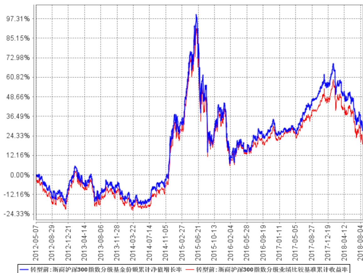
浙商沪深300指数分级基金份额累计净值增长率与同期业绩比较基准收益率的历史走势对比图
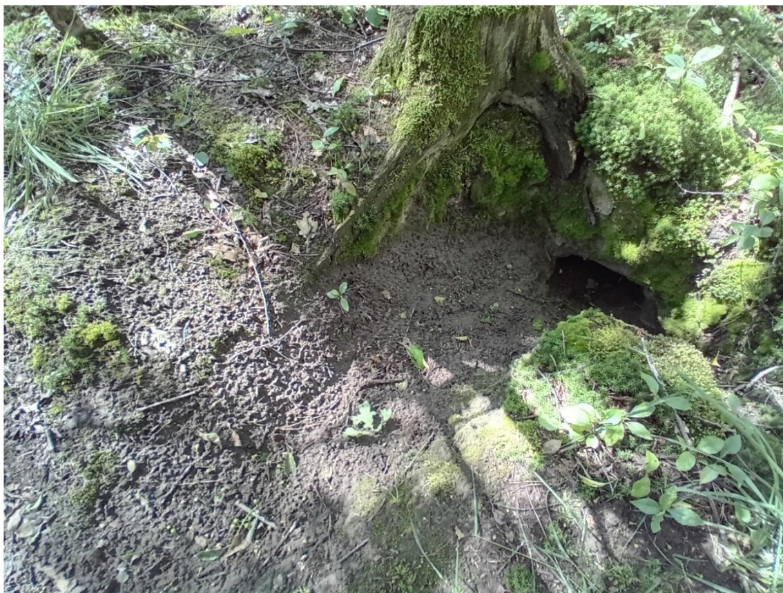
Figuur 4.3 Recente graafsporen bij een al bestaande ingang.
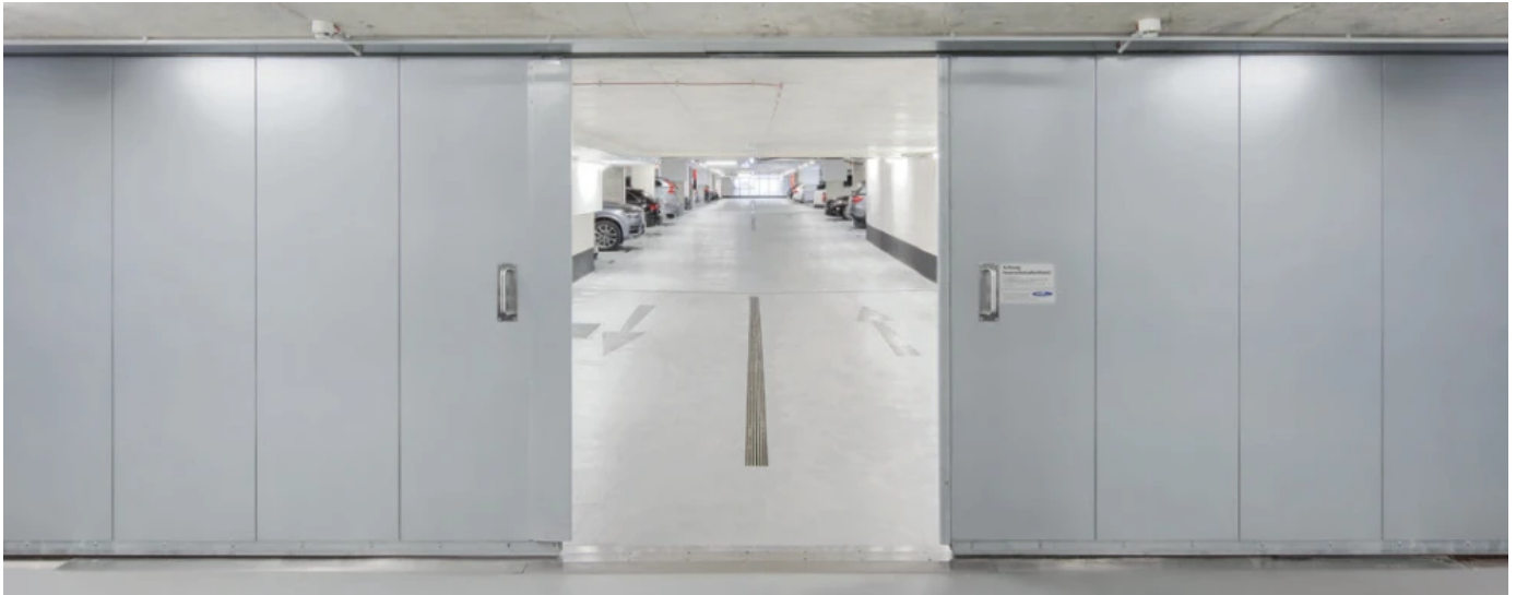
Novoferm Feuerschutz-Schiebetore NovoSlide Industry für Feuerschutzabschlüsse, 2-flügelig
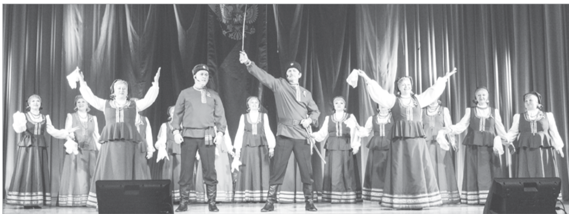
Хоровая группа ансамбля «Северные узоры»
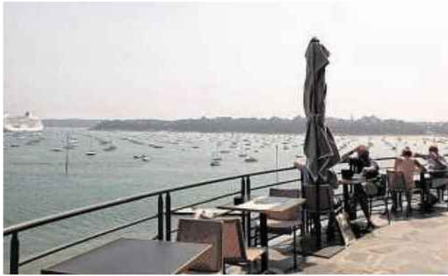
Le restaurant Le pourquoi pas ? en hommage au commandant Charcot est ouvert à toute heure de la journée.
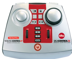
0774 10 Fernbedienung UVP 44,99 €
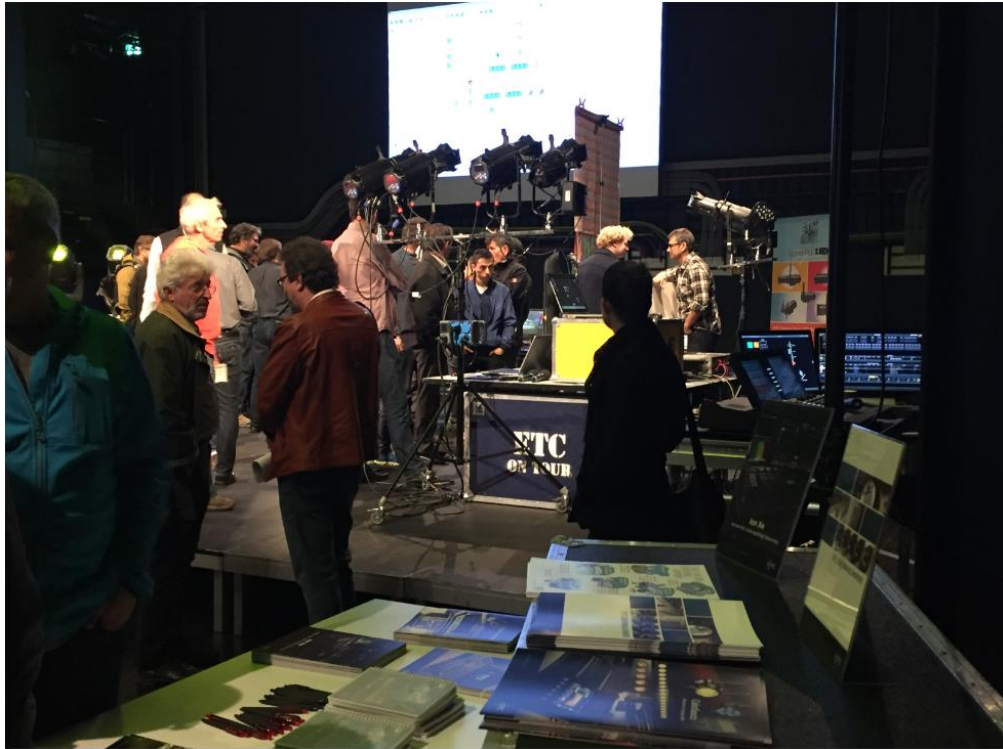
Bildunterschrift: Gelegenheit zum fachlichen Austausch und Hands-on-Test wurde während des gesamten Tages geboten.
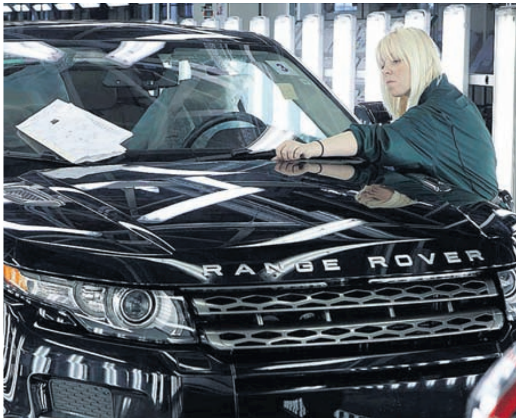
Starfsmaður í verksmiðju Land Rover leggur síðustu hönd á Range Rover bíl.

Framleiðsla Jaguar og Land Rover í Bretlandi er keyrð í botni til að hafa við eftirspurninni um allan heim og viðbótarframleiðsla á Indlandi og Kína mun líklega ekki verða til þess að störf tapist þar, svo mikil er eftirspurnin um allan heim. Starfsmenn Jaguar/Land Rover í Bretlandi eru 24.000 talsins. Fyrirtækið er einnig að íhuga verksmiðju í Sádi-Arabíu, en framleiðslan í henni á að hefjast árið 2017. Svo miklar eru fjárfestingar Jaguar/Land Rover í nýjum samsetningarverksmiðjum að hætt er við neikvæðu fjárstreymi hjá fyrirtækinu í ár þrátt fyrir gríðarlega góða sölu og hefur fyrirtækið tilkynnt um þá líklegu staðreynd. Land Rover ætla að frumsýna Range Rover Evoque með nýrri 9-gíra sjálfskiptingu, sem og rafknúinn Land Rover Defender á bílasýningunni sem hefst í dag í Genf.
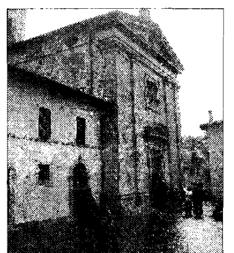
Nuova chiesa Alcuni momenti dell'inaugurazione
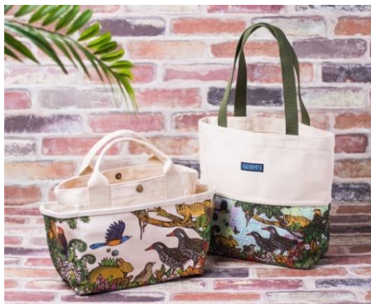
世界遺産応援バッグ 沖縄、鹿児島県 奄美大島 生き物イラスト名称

--

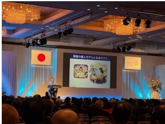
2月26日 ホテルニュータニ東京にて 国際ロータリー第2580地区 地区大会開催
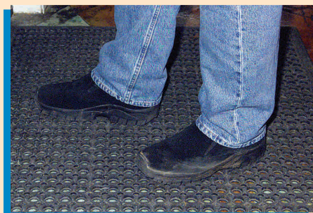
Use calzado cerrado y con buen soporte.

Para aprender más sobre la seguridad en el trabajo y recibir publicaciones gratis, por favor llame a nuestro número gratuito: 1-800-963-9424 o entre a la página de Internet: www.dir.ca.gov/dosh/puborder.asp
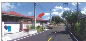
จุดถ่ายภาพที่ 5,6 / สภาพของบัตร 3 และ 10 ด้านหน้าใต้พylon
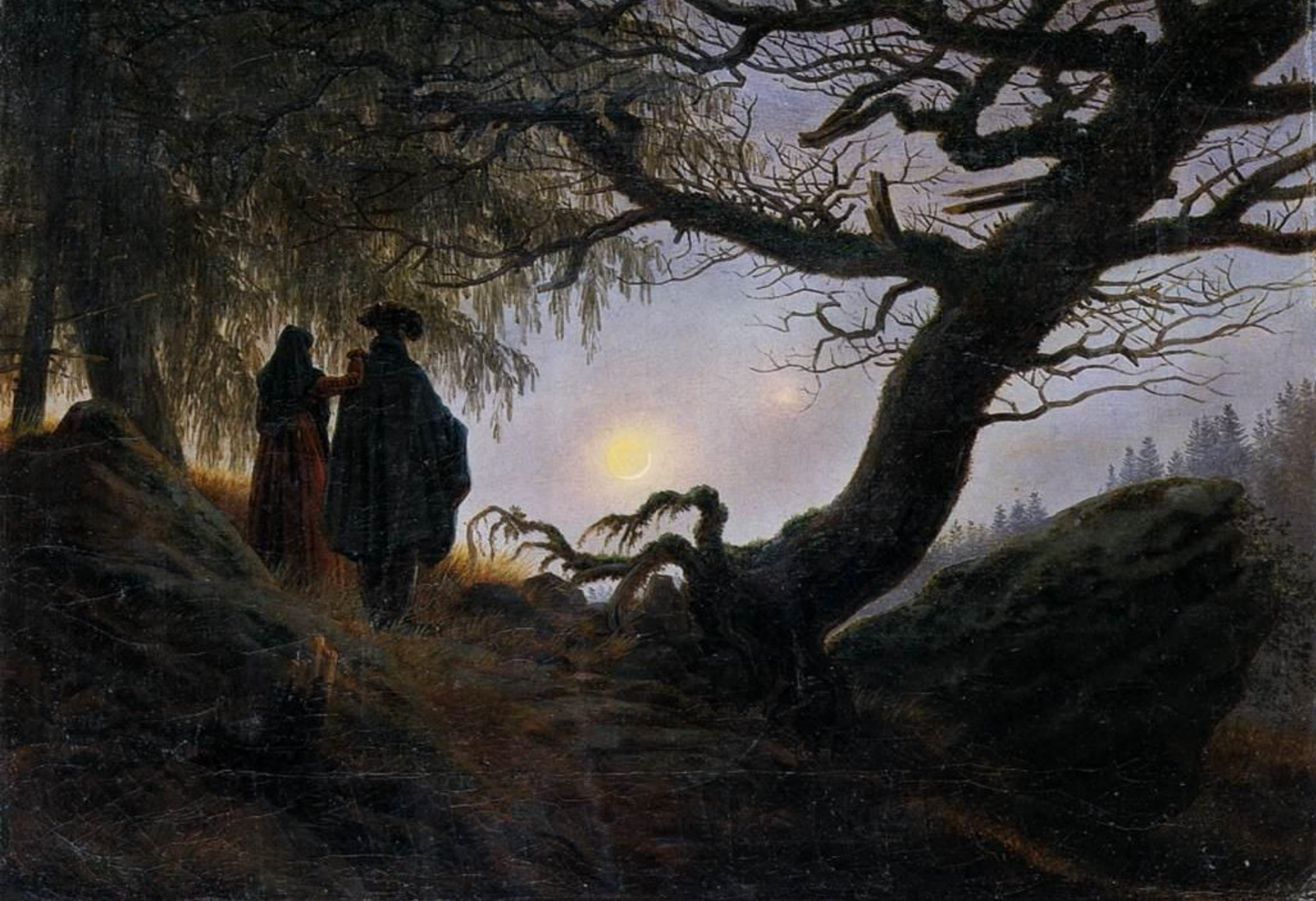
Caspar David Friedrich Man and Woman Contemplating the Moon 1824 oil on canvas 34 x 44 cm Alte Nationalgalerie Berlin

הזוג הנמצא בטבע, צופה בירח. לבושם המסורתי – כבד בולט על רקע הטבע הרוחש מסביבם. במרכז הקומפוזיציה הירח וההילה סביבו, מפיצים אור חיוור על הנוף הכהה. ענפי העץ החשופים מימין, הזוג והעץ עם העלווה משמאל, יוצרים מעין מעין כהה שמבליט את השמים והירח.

**Problem**
Given the listing above, retype only the span of lines from the line with "Framleiðsla Jaguar og" up to and including the line with "世界遺産応援バッグ 沖縄、鹿児島県 奄美大島 生き物イラスト名称", exactly as it stands and without pictures.

**Output of the exercise**
Framleiðsla Jaguar og Land Rover í Bretlandi er keyrð í botni til að hafa við eftirspurninni um allan heim og viðbótarframleiðsla á Indlandi og Kína mun líklega ekki verða til þess að störf tapist þar, svo mikil er eftirspurnin um allan heim. Starfsmenn Jaguar/Land Rover í Bretlandi eru 24.000 talsins. Fyrirtækið er einnig að íhuga verksmiðju í Sádi-Arabíu, en framleiðslan í henni á að hefjast árið 2017. Svo miklar eru fjárfestingar Jaguar/Land Rover í nýjum samsetningarverksmiðjum að hætt er við neikvæðu fjárstreymi hjá fyrirtækinu í ár þrátt fyrir gríðarlega góða sölu og hefur fyrirtækið tilkynnt um þá líklegu staðreynd. Land Rover ætla að frumsýna Range Rover Evoque með nýrri 9-gíra sjálfskiptingu, sem og rafknúinn Land Rover Defender á bílasýningunni sem hefst í dag í Genf.
Nuova chiesa Alcuni momenti dell'inaugurazione
世界遺産応援バッグ 沖縄、鹿児島県 奄美大島 生き物イラスト名称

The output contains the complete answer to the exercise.